Gorka lamía con furia, yo le sujetaba la cabeza y movía la cadera contra su boca. Mis tetas eran estrujadas sin piedad, Carlos intentaba chupar los pezones como si quisiera sacar leche. Mi coño chorreaba sin control, empapando la cara de Gorka.
Me agaché y empecé a chupar su polla mientras él seguía lamiendo. Sabía que Gorka había follado mucho, pero llevaba tiempo sin hacerlo: los huevos pegados, hinchados. Le lamí los huevos, los apreté y me metí su polla hasta la garganta.
Mientras, Carlos me penetró por detrás. Su polla entró hasta el fondo, golpeando mi cérvix con cada embestida. Sus huevos chocaban contra mi clítoris: ¡clap clap clap! Grité de placer, pero con la boca llena no se oía bien.
Luego cambiaron: Pablo me metió la polla por el culo de golpe. “¡Es mi culo, cabrón!”, pensé, pero el dolor se mezcló con placer. Nunca me habían entrado tan rápido. Me caí hacia adelante, de rodillas, y él siguió follándome como un perro, agarrándome las caderas.

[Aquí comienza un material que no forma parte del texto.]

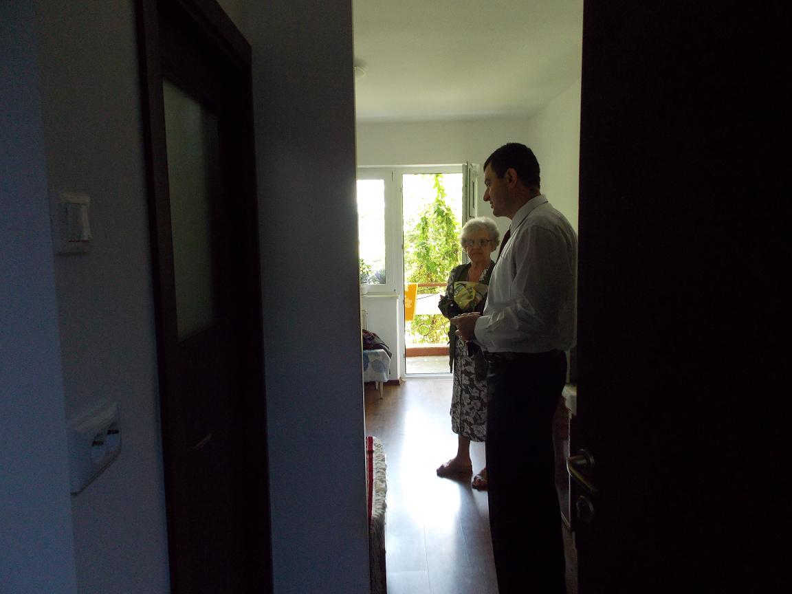 Fiecare camera este dotata cu doua paturi, baie proprie si televizor, iar pensionarii au posibilitatea sa-si amenajeze micutele garsoniere. Pe Elena Coman, asistata la Caminul de batrani, am gasit-o in camera. Surprinsa de vizita directorului si ziaristilor, femeia era vadit emotionata.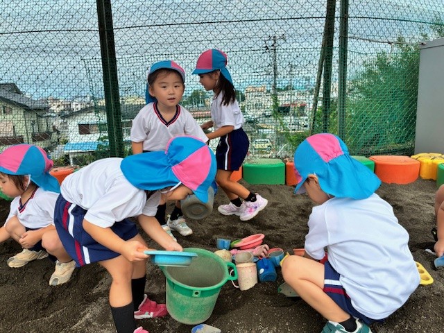 今日は涼しかったので、子どもたちと一緒に外遊びを楽しみました。熱中症に気をつけながら、元気いっぱい体を動かしています。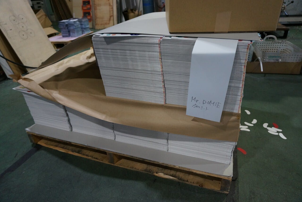 2020/11/04 14:49ドミータイルの誕生! 〜工場見学〜今回は、Mr.DOMIEのタイルについてのお話です。愛知県にある、【株式会社鈴木紙工所さん】に伺い、ドミータイルの製作途中を見せていただきました!社長の鈴木裕一さん自らが、案内をしてくださいました!加工の流れドミーのデザインと入稿 【Dig-A-Doo】↓入稿データを元に印刷と合紙で元のシートの作成 【盤上遊戯製作所さん】↓エンボス加工 【盤上遊戯製作所さん】↓打抜きのカット加工 【株式会社鈴木紙工所さん】※ 通常は打ち抜きカット加工も盤上遊戯製作所さんが行なっておりますが、今回は数量や納期の関係から、協力工場の1つである株式会社鈴木紙工所さんに協力いただき、そちらの工場を見学させて頂きました!いよいよ、ドミータイルにご対面!入ってすぐに、カット済のドミーが大量に!その数、およそ500セット分ほど。↓ちなみに、エンボス加工も綺麗に入っています!↓こちらの画像は、まだカット前のもの。そしていよいよカットされる工程へ。打ち抜きをする機械に、カット前のタイルを1枚ずつ手作業でセッティングします。セッティングが完了したら、スイッチを押して、打ち抜きが始まります!打抜き加工(トムソン加工)打抜き加工とは、トムソン刃というものを使用して、紙を型抜きする加工のこと。※ドミーのタイルは、できるだけ厚めにしたかったので、この打抜き加工ができる厚さの範囲内で、厚めにお願いしました。この機械には、打抜き専用の型が必要になります。その、実際に使用した型がこちら! ↓↓↓ 型の裏面がこちら!紙の伸縮紙は、湿気などの環境によって伸び縮みするそうで(重ねている紙の上・真ん中・下でも湿気の吸い方が違うそうです!)、1枚の紙に合わせて機械をセッティングしても、紙ごとに多少のズレが生じてしまいます。仕上がり状況をその都度、目と手で確認して、調節をしながら1枚1枚丁寧に作業して下さっていました。 機械で抜いていると言う認識でしたが、実際は職人技のひかる工程で驚きでした!特に今回のドミーのタイルの加工には苦戦されたそうで。。。なぜかと言うと、通常はデザインの段階で、カットされる線に対して【塗り足し】を行います。塗り足しとは、仕上がりのサイズよりも大きいサイズでデザイン(カットする線から塗り足し)して、紙の伸縮などによるカットのズレが生じた時でも、端に色のついていない部分が出てしまわないようにするものなのです。ですが、今回のドミーは体の線が、かすれているような線になっています。どうしても、この線の風合いを残したく、塗り足しなしでお願いしたのです。そのため、今回の加工では、ズレを最小限に抑えてもらえるよう、テスト印刷を何度も行い、できる限りズレがないように加工を工夫して頂いたそうです!感謝、感謝です。ひとつひとつ丁寧に作られたドミータイル。早くみなさまのもとにお届けしたいです!左【盤上遊戯製作所 森川聡宏さん】真ん中【株式会社鈴木紙工所 鈴木裕一さん】右【Dig-A-Doo(ディガドゥー) 遠山彬彦】 もっと見る

“¡Más fuerte, Pablo! ¡Más rápido!”, gritaba mientras chupaba a Gorka con todas mis fuerzas.
Me corrí varias veces, temblando. Al final los tres se turnaron: uno en la boca, otro en el coño, otro en el culo. Cambiaban posiciones sin parar. Al final los tres se corrieron en mi boca, uno detrás de otro. Tragué todo, limpié sus pollas con la lengua.
Después se arrodillaron los tres delante de mí y me comieron el coño por turnos hasta hacerme correrme cuatro o cinco veces más. Luego volvieron a follarme el culo uno por uno, y al final me pusieron boca arriba y me penetraron los tres en el coño alternándose, hasta que no pudieron más.
Cuando terminamos, los tres estaban agotados. Les mordí los huevos suave pero firme antes de que se pusieran el bañador: “Para que os acordéis de mi coño cada vez que os vistáis”.
Ese día me follé tres pollas vírgenes que llevaban tiempo sin mojar. Y la semana que viene es el cumpleaños de Carlos otra vez… ya me ha dicho que vienen seis tíos más, todos “nuevos”. Seis pollas vírgenes preparadas para mí.